No ideal socialista do Che, o trabalho deve adquirir uma nova condição, a mercadoria-homem deixa de existir e instala-se um sistema que atribui uma quota pelo cumprimento do dever social, os meios de produção pertencem à sociedade e a máquina é apenas a trincheira onde se cumpre o dever. Isto já não contribuiria para o trabalhador dar uma parte do seu ser em forma de força de trabalho vendida, que já não lhe pertence, antes significa uma emanação de si mesmo, um contributo conscientemente voluntário para a vida em comum que se reflecte no cumprimento do seu dever. O Che considerava que na construção do socialismo devia fazer-se todo o possível por dar ao trabalho esta nova categoria de dever social e uni-lo ao desenvolvimento da técnica, o que teria como consequência o aparecimento de condições para uma maior liberdade. Neste sentido, o Che reiterava a tese marxista de que o homem alcança realmente a sua plena condição humana quando produz sem a compulsão da necessidade física de se vender como mercadoria.

***As teorias de Lenine e de Mao, com as contribuições de Estaline e de muitos outros teóricos e dirigentes revolucionários, estiveram na origem dos processos revolucionários e das experiências socialistas desde a década de 1930 até ao derrube do bloco euro-soviético.

Apesar da variedade dos conceitos de socialismo, tem sido comum a todos eles a fundamental importância dada à economia na configuração da vida social em geral, tal e como expôs Marx ao sustentar que o "modo de produção não deveria considerar-se simplesmente como a reprodução da existência física dos indivíduos. É mais uma forma concreta de actividade destes indivíduos, uma maneira concreta de expressar as suas vivências, um modo de vida concreto". Deste modo, a essência do projecto socialista nas suas diversas versões foi sempre a transformação da propriedade privada em propriedade social, que Marx enuncia como a "sociedade de produtores associados" ou "modo de produção associado".

II. ELEMENTOS TEÓRICOS E PRÁTICOS DA TRANSIÇÃO DO CAPITALISMO AO SOCIALISMO

Com a Revolução Russa de 1917 abriu-se uma época de transição que parecia ter terminado com o derrube do "socialismo real" na Europa oriental e na URSS. Pelo menos assim o pretenderam os agoireiros do "triunfo definitivo do capitalismo sobre o socialismo e o comunismo". Nos anos recentes, quando a modalidade neoliberal do capitalismo se esgotou e o imperialismo estadunidense desencadeou uma estratégia expansionista que colocou o sistema perante a possibilidade de uma nova crise económica de proporções semelhantes ou ainda maiores que a grande crise de 1929 - 1933, os processos de transição estão recobrando um novo impulso.
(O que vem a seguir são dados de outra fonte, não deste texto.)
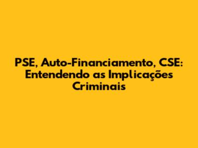 PSE, Auto-Financiamento, CSE: Entendendo As Implicações Criminais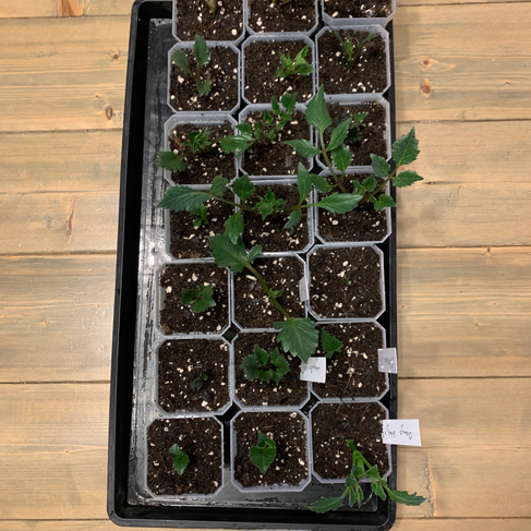 You have a tuber or two with beautiful green growth, now what? Prepare by filling either a multi-cell tray (72 or 50) or a tray full of larger cells with your preferred seed starting mix. It helps to pre-moisten your mix before starting as well, add enough water to make the soil “spongy” but not dripping wet. You will also want to have your trusty pair of snips cleaned and ready, as well as a rooting hormone available. Once you have all of these things ready, follow these steps:

Por isso é necessário examinar os elementos teóricos e práticos da transição do capitalismo ao socialismo, legados pelo pensamento marxista e peIas experiências socialistas.

1. As experiências do chamado "socialismo real" durante o século XX, assim como no pensamento socialista em geral, concentraram-se fundamentalmente no problema do crescimento económico, e ainda mais acentuadamente a partir das novas condiciones criadas peIa terceira revolução científico-tecnológica iniciada na década de 1980. Vários factores incidiram nesta orientação, entre outros: 1) a proeminência da acumulação de riqueza material própria do capitalismo, que subordina as outras esferas da vida social; 2) o facto de que as experiências de construção do socialismo tiveram lugar, na maioria dos casos, em países atrasados e predominantemente agrários, o que tornava necessária uma industrialização rápida e extensiva; 3) o incremento da pobreza nos países capitalistas como consequência da Grande Crise de 1929-1933 e a persistente depressão ao longo de toda a década; 4) a expansão acelerada do auto-denominado "capitalismo organizado" ou "Estado do bem-estar", nos principais países capitalistas, a seguir à Segunda Guerra Mundial, caracterizado pela intervenção estatal a grande escala, a planificação parcial e elevados índices de crescimento ininterrupto, e a necessidade imposta aos países do "socialismo real" de competir com aqueles no que respeita ao nível de vida; e 5) o conflito e a competição entre as duas super-potências, que consumiram imensos recursos na corrida armamentista e aero-espacial.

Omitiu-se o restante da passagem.